The Joe Biden administration has recently published a new policy introducing expedited proceedings for asylum seekers crossing the US-Mexican border. The policy is due to enter into force on May 31, 2022. It is adopted in the form of an “interim final rule” meaning that it may be amended before entering into force. However, the significance of the proposed changes is such that it requires the immediate analysis. The key provisions of the policy are as follows.


A. Updates to Credible Fear Interview Regulations

  • The standard of proof for determining credible fear will revert back to that of the pre-Trump era, and thus, be less stringent.

  • Asylum seekers who pass credible fear interview will not be required to file a Form I-589, Application for Asylum and for Withholding of Removal, and a record of the positive credible fear determination will start the clock for the purposes of the employment authorization.

B. An Asylum Case May Be Determined in Full during an Asylum Merits Interview

  • An Asylum Merits Interview will follow a credible fear interview and will be conducted by USCIS. A USCIS officer may grant asylum directly at the Asylum Merits Interview, with no further court proceedings needed.

  • An asylum seeker must present his/her full asylum case with all evidence at the Asylum Merits Interview.

  • If an alien who has dependents (spouse, children) does not pass an Asylum Merits Interview, an asylum officer must determine whether there is a significant possibility that the dependents have an independent basis for protection under the U.S. laws before issuing a denial.

  • Only if neither the principal applicant, nor his dependents were determined to qualify for protection under the U.S. laws, the case will be referred to an Immigration Judge for adjudication in removal proceedings.

C. Removal Proceedings Will Look Different: Status Conference Added; Merits Hearing May be Waived in Certain Circumstances

  • In addition to a master calendar hearing and a merits hearing, the policy adds a status conference to the removal proceedings timeline. At a status conference, an asylum seeker must indicate whether she intends to testify, present any witnesses, or offer additional documentation. A status conference will also likely narrow the issues to be adjudicated at the merits hearing.
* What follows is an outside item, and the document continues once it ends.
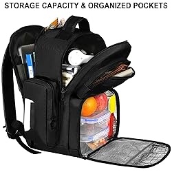 Insulated Lunch Box Compartment: MATEIN 15.6 inch lunch backpack for men not only keeps the food warm but also keeps cold drinks for about 2-4 hours, high quality insulation layer of lunch box compartment keeps food fresh and warm in this insulated cooler backpack, which makes it easy to clean and store food. Laptop backpack with cooler compartment is suitable for work, office, picnic, beach, trip, travel, outdoor&indoor. Food container compartment dimension: 11*5.3*9.5 inch Storage Capacity & Organized Pockets: Dimension: 18*11*11 inches, mens work backpack 15.6 inch with an extra-large main compartment, laptop compartment and many pockets. 2 side zipper pockets for easy access to tissue, conveniently hold umbrellas and water bottles. The front pocket can hang the key for commuting. Top compartment stores glasses. Laptop backpack for men provides independent space for your laptop, mobile phone, clothes, lunch box, wallet, keys Laptop Compartment & USB Port: MATEIN backpack lunch bag for men with a separate compartment is fully open design for 15.6 Inch laptops as well as 15 Inch computers and tablets, TSA friendly design allows you to quickly pass the airport security check. And the USB charging port of this backpack for men makes it easy to charge your phone, convenient and practical, note not include the power bank Water Resistant & Convenient: Lunch backpack with lunch box is made of high quality water-resistant lightweight polyester fabric, high quality shoulder strap of the business backpack for men is designed with breathing durability fabric and comfortable U air vent back, adjustable straps lighten weight and protect your muscle, A luggage strap allows carry on travel backpack to slide over the luggage tube secure it in place. Hidden safety pocket of lunch box backpack is safe and convenient Sturdy & Multi-Purpose: This backpack cooler for men with comfort high quality polyester fabric materials ensure lasting use, the bottom fixed pad makes your work backpack sturdy. You can store survival gear kits and outdoor emergency tools in your rucksack backpack for camping, hunting, hiking. Travel backpack for men is ideal for sports, office and outdoor activities. Great travel gifts for travelers, working man, friends, men, women, adults, husband, father, grandfather

  • An Immigration Judge may forgo a merits hearing and decide a case on the documentary record in certain instances (for example, if Department of Homeland Security (DHS) waives cross-examination and does not intend to present testimony or produce evidence).

D. An Expedited Timeline

  • Asylum Merits Interview must be scheduled within 21 to 45 days as of the date that the positive credible fear determination is served on the asylum seeker.
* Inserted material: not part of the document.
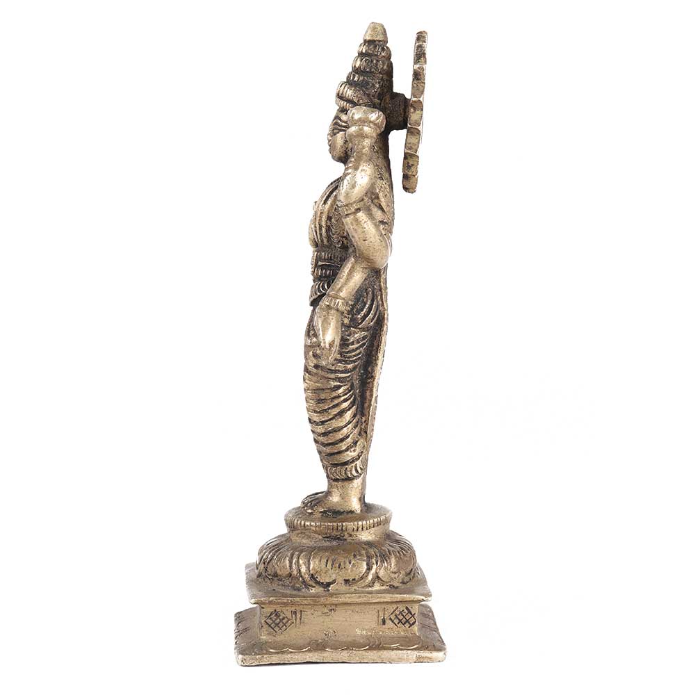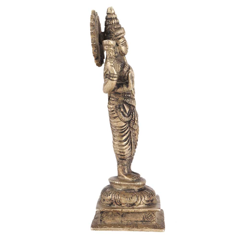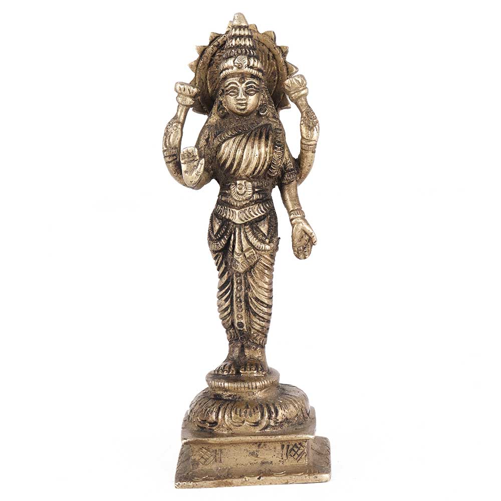 Intricate brass Devi Lakshmi idol depicting Lakshmi standing on a pedestal with four hands holding lotus buds and demonstrating Abhaya Varada mudra denoting prosperity and security. The engravings are intricate, with textile patterns, jewellery, a crown, and other distinct details of devi. This brass Lakshmi idol can be used for everyday puja. Worshiping with this brass statue of Lakshmi may bring us enormous blessings and material fortune to help us overcome our poverty and problems.Â

  • A master calendar hearing must be scheduled 30 to 35 days after the service of the Notice to Appear and a negative Asylum Merits Interview determination.

  • A status conference will be held 30 to 35 days as of the master calendar hearing.
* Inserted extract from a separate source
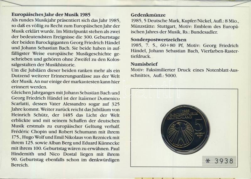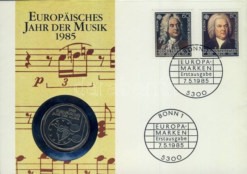 NSZK 1985. 5M "A zene éve" érmés borítékon, 2 db bélyeggel, elsőnapi b... https://www.darabanth.com/de/109-Fernauktion/109.0/Numismatik/~367/NSZK-1985-5M-A-zene-eve-ermes-boritekon-2-db-belyeggel-elsonapi-belyegzovel-TBU-hato~II271997

  • A merits hearing will be held 60 days after the master calendar hearing.

  • Time extensions are possible in a very limited fashion.

E. Key Takeaways

  • The newly adopted fast-track asylum proceedings will create more certainty for asylum seekers eliminating years of wait for court hearings.

  • Simultaneously, asylum seekers will have considerably less time to prepare their case, which may be fully adjudicated at the Asylum Merits Interview, and evidence thereto.

  • The discussed policy has the status of an “interim final rule” meaning that the agencies may alter it if warranted by public comments. Public comments may be submitted by May 31, 2022. Hence, it is possible that the policy will be further amended and/or its effective date postponed.


Disclaimer: The information provided in this article does not and is not intended to constitute legal advice. Furthermore, this article is not guaranteed to be complete or remain up-to-date with the passage of time, nor intended to create – and receipt of it does not constitute – a lawyer-client relationship. Anyone viewing this information should not act upon it without consulting a licensed attorney.